── Data for analysis

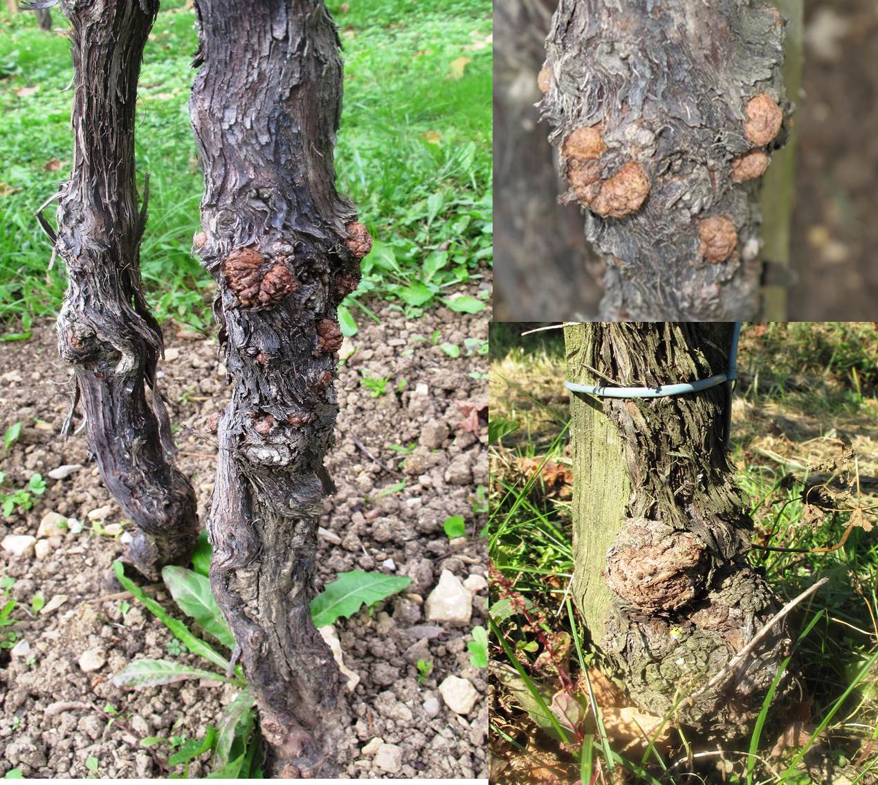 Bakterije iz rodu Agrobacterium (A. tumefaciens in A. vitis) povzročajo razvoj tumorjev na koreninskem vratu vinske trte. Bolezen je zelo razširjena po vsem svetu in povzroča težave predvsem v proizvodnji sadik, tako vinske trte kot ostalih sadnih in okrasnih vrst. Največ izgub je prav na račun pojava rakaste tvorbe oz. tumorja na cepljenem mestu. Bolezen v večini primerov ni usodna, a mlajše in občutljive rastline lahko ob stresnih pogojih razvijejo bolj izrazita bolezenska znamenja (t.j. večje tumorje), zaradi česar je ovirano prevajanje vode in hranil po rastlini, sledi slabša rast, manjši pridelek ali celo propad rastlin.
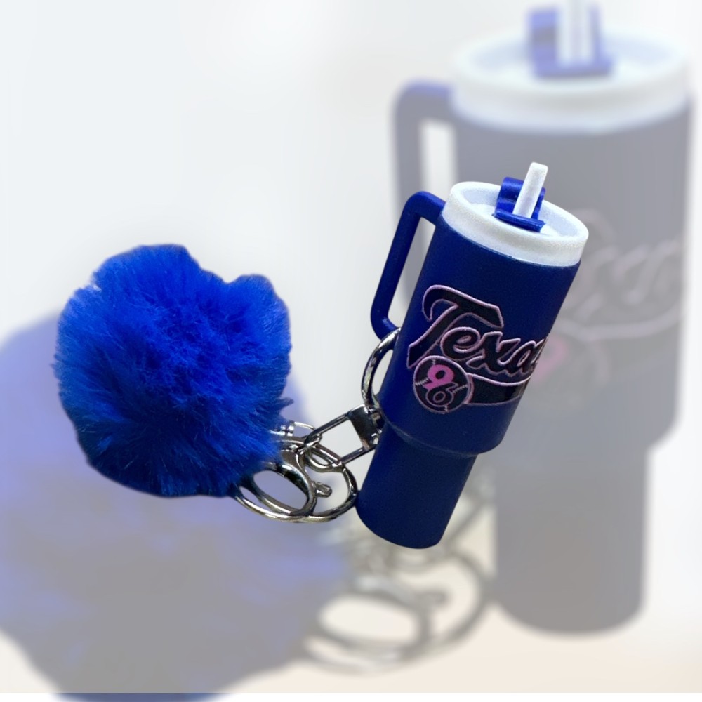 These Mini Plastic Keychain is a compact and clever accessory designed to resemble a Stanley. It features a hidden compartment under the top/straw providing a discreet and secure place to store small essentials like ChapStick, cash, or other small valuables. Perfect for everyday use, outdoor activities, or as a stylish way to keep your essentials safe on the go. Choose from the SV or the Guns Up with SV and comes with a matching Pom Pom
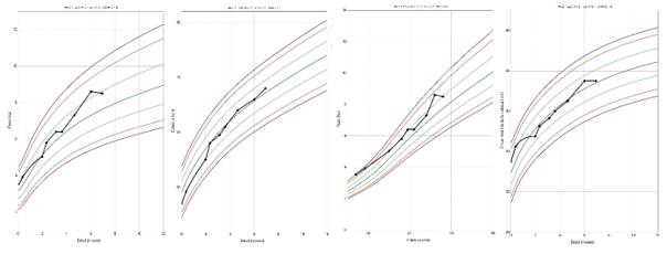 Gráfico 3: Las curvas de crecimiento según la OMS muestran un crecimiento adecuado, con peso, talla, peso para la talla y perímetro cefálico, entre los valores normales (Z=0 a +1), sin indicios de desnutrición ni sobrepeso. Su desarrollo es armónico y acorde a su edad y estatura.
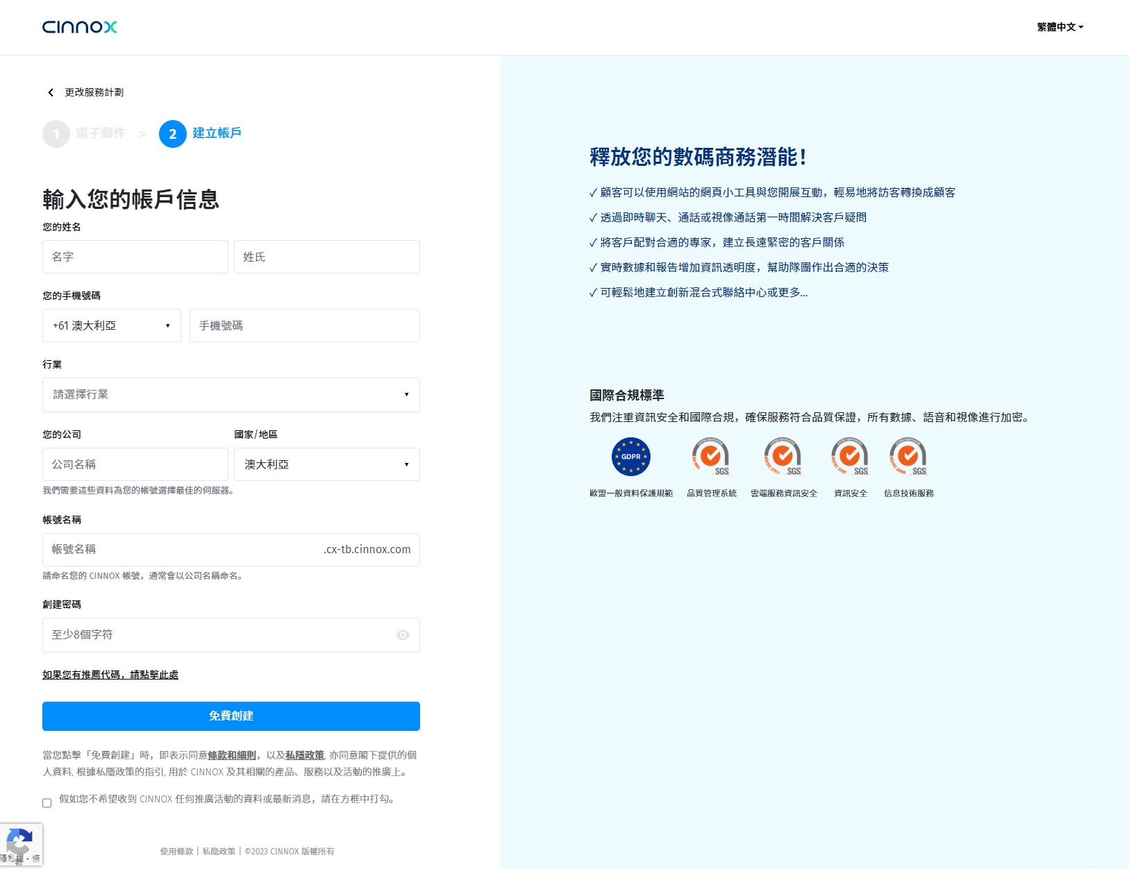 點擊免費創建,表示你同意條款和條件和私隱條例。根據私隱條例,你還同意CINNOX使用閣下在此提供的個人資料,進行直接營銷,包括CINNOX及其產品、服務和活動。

────
── Data for analysis

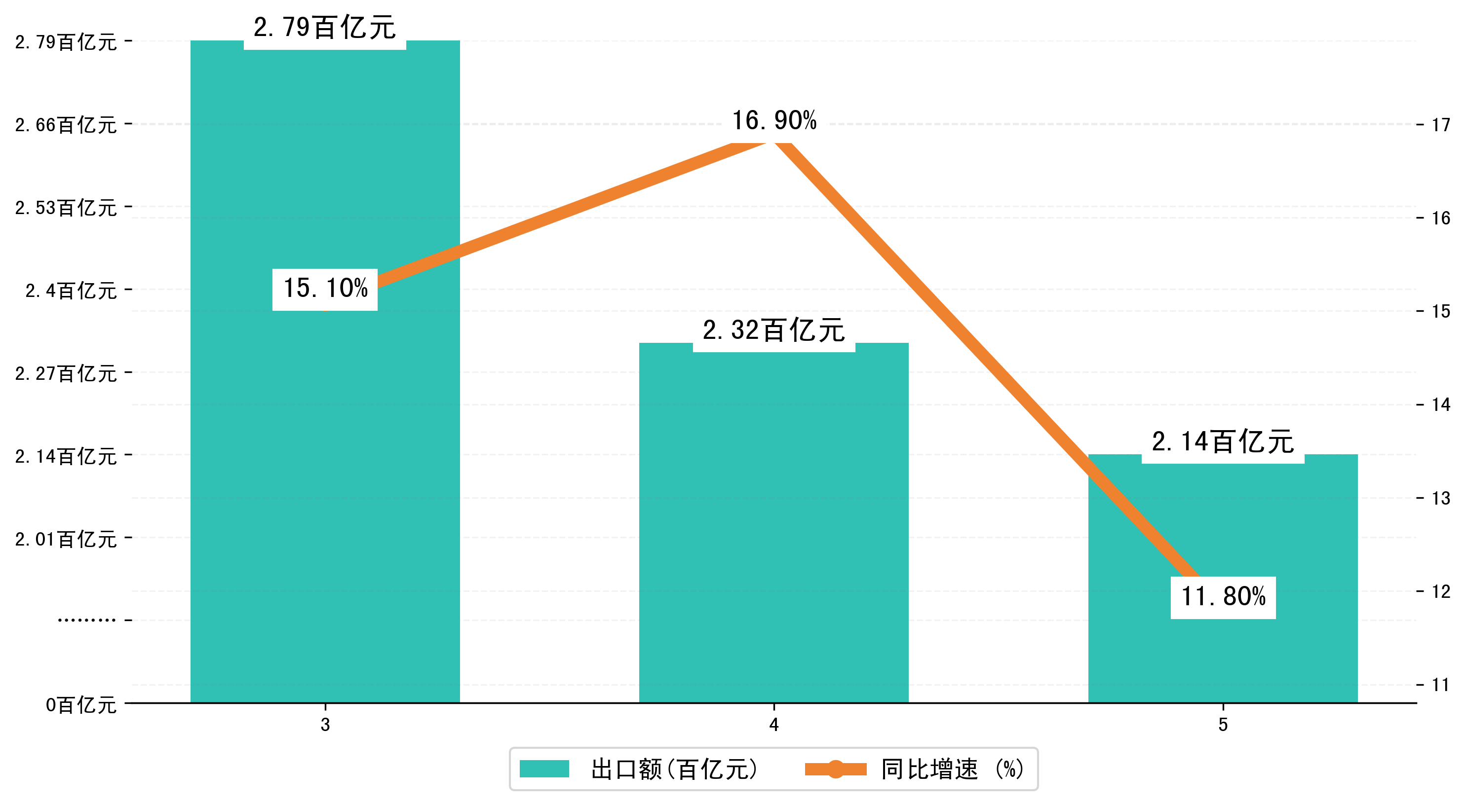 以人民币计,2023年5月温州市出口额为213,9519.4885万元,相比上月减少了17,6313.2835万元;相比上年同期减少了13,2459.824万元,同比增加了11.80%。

────

Write out word for word the lines above that run from the one with "Bakterije iz rodu" to the one with "These Mini Plastic". Include both end lines; exclude the images.

 Bakterije iz rodu Agrobacterium (A. tumefaciens in A. vitis) povzročajo razvoj tumorjev na koreninskem vratu vinske trte. Bolezen je zelo razširjena po vsem svetu in povzroča težave predvsem v proizvodnji sadik, tako vinske trte kot ostalih sadnih in okrasnih vrst. Največ izgub je prav na račun pojava rakaste tvorbe oz. tumorja na cepljenem mestu. Bolezen v večini primerov ni usodna, a mlajše in občutljive rastline lahko ob stresnih pogojih razvijejo bolj izrazita bolezenska znamenja (t.j. večje tumorje), zaradi česar je ovirano prevajanje vode in hranil po rastlini, sledi slabša rast, manjši pridelek ali celo propad rastlin.
 These Mini Plastic Keychain is a compact and clever accessory designed to resemble a Stanley. It features a hidden compartment under the top/straw providing a discreet and secure place to store small essentials like ChapStick, cash, or other small valuables. Perfect for everyday use, outdoor activities, or as a stylish way to keep your essentials safe on the go. Choose from the SV or the Guns Up with SV and comes with a matching Pom Pom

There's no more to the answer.